INSTRUCTIONS TO FOLLOW
When you reach the line containing "Chapeau de clown" in the data below, reproduce it and every line that follows, exactly and without additions.

INPUT
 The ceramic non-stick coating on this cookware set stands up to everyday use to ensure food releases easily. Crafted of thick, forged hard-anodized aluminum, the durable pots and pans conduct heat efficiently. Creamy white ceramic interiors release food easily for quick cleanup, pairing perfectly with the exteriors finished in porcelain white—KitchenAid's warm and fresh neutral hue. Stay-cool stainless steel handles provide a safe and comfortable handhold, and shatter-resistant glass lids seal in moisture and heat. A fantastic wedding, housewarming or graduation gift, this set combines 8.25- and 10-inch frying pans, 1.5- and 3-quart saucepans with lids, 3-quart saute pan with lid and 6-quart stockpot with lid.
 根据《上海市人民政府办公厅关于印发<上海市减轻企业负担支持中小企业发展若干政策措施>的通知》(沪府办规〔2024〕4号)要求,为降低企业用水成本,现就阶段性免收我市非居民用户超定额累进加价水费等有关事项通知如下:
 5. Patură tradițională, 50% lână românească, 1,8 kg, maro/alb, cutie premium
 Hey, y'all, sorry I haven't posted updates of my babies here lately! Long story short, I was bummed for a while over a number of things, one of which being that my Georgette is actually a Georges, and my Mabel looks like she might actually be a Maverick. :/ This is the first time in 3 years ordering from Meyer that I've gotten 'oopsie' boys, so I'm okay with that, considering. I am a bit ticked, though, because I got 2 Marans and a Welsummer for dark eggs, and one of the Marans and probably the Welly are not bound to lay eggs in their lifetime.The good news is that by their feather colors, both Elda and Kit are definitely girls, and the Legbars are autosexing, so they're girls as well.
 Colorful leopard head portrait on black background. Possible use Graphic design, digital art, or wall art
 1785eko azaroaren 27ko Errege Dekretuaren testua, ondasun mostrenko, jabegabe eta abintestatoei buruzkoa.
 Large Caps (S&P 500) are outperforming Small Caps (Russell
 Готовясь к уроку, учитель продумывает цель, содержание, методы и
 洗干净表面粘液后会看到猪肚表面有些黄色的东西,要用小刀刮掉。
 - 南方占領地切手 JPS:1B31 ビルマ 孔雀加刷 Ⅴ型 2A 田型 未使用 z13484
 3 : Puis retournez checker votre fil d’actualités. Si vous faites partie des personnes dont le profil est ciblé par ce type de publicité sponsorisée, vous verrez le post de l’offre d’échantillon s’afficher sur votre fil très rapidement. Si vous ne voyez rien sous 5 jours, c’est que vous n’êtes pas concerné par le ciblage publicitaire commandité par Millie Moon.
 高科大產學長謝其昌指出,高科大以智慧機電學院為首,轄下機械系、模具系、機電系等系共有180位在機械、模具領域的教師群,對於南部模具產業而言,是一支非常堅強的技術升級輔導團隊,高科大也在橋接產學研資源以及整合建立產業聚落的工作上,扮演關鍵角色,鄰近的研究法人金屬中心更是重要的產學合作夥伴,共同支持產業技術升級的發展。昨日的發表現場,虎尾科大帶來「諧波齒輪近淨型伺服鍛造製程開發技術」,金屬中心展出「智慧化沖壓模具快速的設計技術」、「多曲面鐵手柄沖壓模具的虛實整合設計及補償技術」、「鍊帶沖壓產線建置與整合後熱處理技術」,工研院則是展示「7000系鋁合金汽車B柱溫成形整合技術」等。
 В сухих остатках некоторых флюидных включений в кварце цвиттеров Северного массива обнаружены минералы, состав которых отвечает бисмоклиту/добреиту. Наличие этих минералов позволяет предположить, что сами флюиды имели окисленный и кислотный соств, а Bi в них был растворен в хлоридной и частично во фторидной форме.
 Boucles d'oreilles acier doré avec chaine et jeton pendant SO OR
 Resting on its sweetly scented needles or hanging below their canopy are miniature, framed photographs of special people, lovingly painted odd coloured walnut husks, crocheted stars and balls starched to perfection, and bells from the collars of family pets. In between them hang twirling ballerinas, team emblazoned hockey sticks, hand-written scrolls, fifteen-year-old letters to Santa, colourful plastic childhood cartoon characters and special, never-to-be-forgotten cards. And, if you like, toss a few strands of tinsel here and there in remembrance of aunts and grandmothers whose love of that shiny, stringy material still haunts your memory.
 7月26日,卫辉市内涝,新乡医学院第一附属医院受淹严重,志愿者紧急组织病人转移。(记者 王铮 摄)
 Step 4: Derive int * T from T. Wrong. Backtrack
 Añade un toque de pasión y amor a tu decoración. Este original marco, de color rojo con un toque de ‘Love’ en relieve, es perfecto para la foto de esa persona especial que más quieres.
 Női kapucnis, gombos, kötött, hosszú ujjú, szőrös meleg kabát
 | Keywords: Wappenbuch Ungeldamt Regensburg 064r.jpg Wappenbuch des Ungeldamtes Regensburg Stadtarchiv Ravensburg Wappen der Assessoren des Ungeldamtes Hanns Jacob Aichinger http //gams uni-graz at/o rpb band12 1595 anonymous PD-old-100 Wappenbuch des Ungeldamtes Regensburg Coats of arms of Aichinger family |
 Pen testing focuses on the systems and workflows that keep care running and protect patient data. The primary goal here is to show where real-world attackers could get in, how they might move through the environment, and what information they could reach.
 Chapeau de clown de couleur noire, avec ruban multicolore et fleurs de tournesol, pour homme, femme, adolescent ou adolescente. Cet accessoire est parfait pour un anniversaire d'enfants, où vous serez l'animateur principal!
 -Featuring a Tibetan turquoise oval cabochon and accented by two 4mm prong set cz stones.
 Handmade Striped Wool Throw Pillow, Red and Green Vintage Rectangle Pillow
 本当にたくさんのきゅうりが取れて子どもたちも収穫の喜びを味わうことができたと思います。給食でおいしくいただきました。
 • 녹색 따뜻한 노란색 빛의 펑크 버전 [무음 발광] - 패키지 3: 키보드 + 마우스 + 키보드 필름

SOLUTION FOR THIS TASK
 Chapeau de clown de couleur noire, avec ruban multicolore et fleurs de tournesol, pour homme, femme, adolescent ou adolescente. Cet accessoire est parfait pour un anniversaire d'enfants, où vous serez l'animateur principal!
 -Featuring a Tibetan turquoise oval cabochon and accented by two 4mm prong set cz stones.
 Handmade Striped Wool Throw Pillow, Red and Green Vintage Rectangle Pillow
 本当にたくさんのきゅうりが取れて子どもたちも収穫の喜びを味わうことができたと思います。給食でおいしくいただきました。
 • 녹색 따뜻한 노란색 빛의 펑크 버전 [무음 발광] - 패키지 3: 키보드 + 마우스 + 키보드 필름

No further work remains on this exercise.